A straight line is what we refer to as a respondent who selects the same response for each grid question. They may only select “5. Strongly agree” as they assume that is what the researcher would like to hear. 

However, it is somewhat possible that a respondent may just simply “strongly agree” with all statements. 

A good way to catch respondents in these situations is including statements that work as opposites: “It’s important to me to get outside and exercise at least once a day” versus “Exercise and going outdoors is not important to my everyday life” are opposite enough statements to not initiate a ‘5. Strongly agree’ response from a respondent on both statements.

“Select all that apply questions”, or multiple select questions, are an easy way for a respondent to try and qualify for a study that they do not necessarily fall into the scope for. 

Try using opposite terms or situations that would be highly unlikely for respondents to relate to all options. For example, “How does this ad make you feel?” could have options such as ‘happy, sad, angry, excited, etc.’. 

If a respondent is selecting all these options, it can be assumed that they are not paying attention or unaware which option will allow them to qualify or continue to move along in the survey. 

Another example is, “Which of the following illnesses have you had in the past 3 months? – COVID-19, pneumonia, influenza A, strep throat”

“Which of the following have you done in the past 3 months? – Take a trip abroad, piloted a helicopter, saw the Grand Canyon, went skydiving”.

3. Time TAKEN

Completion time is a quick and easy way to catch respondents who are speeding through the survey and not fully reading questions or thinking about their responses. 

Before launching your survey, time yourself taking the survey and use that time as a reference when reviewing respondent completion time. Give respondents leeway as some may read and comprehend much faster. 

However, if the survey takes the survey writer 15 minutes to complete but a respondent completes it in 3-5 minutes, it is safe to assume they rushed their responses and they may not be very high quality.

4. Open-ended Questions

We always recommend adding 2-4 open-ended questions for data quality purposes. 

Stay away from questions that could result in yes/no answers. 

Ask respondents to elaborate on their selection and to be as specific as possible. 

Towards the end of the survey, you can also ask the respondent to identify the topic of the survey. Despite being a simple question, their answers will indicate if they were actually paying attention to the survey. 

Reviewing open-ended data allows you to catch AI bots repeating answers or rambling nonsense not related to the questions. It also allows you to catch respondents who are not paying attention, rushing through with simple answers, or just typing scrambles of letters as their response. “Cool” “it's fine” “asdfghjkl;”. 

To avoid short answers, and if possible, add a minimum character count on your survey platform to encourage respondents to leave more than one-word responses.

5. Improbably Similar Demographics

Reviewing similar demographics is a newer approach our team has started to take that allows us to catch respondents who may be taking the survey more than once. (Bonus tip: first check for IP duplicates to remove any repeat respondents). 

Our team will add a zip code question which helps us look for duplicates. Of course, some respondents could be from the same zip code and not a duplicate. 

However, that’s highly unlikely that there are multiple respondents from the same zip code that are also, white, non-Hispanic, female, age 21-28, divorced, with 3 kids, 2 dogs, 1 cat, and 70k household income. 

Once these duplicates are flagged, if you are still wary that they may be different respondents, you can compare their open-ends and selections throughout the survey to see if you can find more similarities which confirm its status as a duplicate response.

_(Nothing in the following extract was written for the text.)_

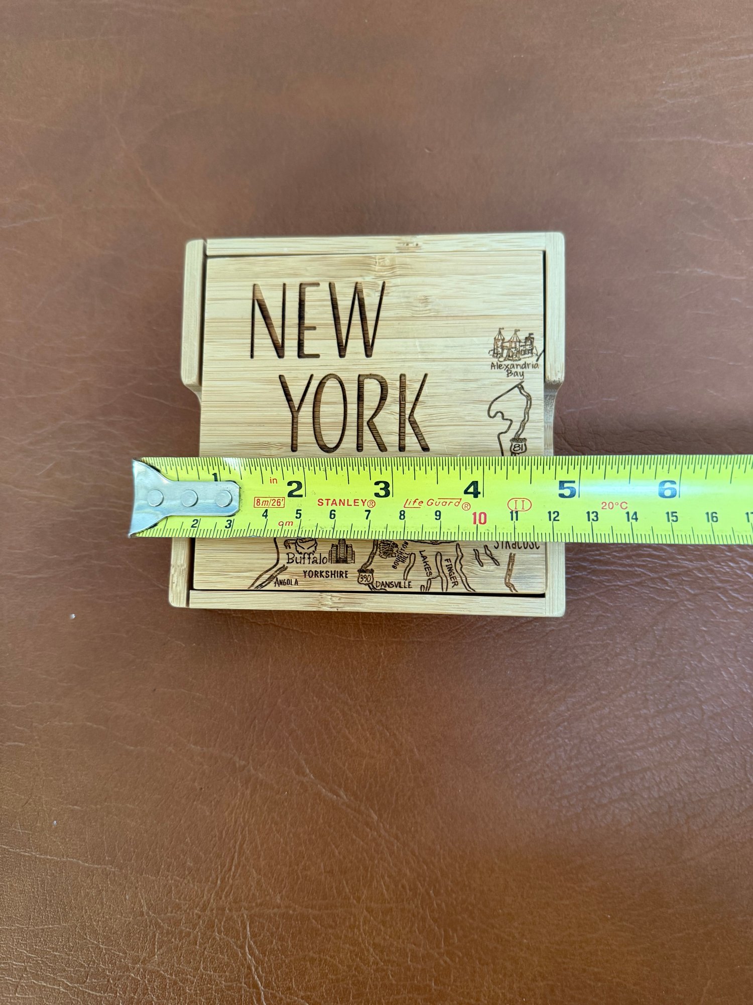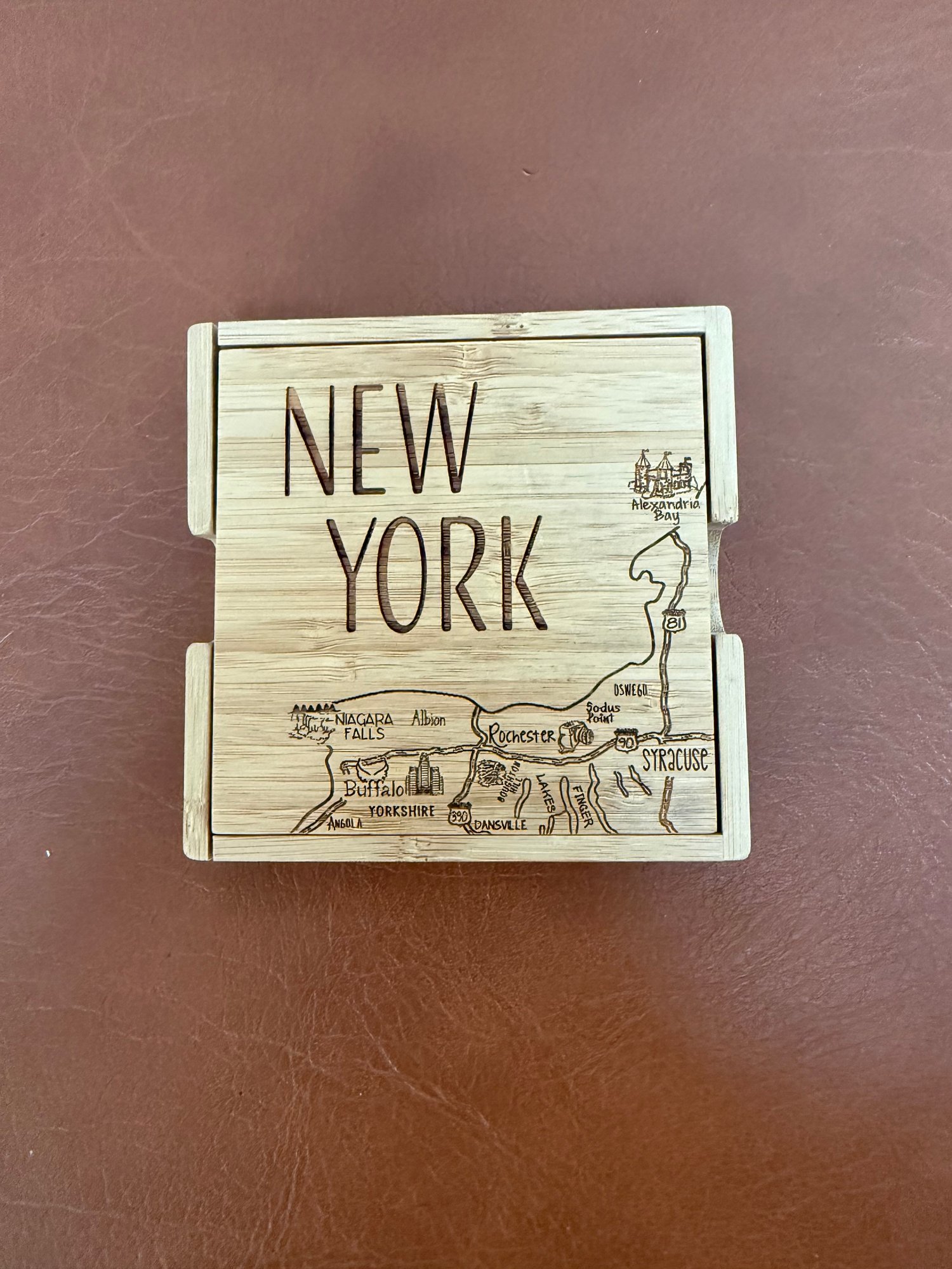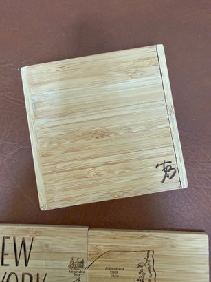 Set Of Four Bamboo Coasters With A New York State Map Design And Holder

Offering some of the highest data quality is something Lab42 prides itself on. Too many sample providers lack intelligent and adaptive tools to identify and stop poor quality respondents from tainting your research results.

We’ve seen an increasing number of generative AI bots making their way into research studies, and if you don’t have the proper protocols set up, you could be left with results that at best, don’t make sense, and at worst, are just plain wrong.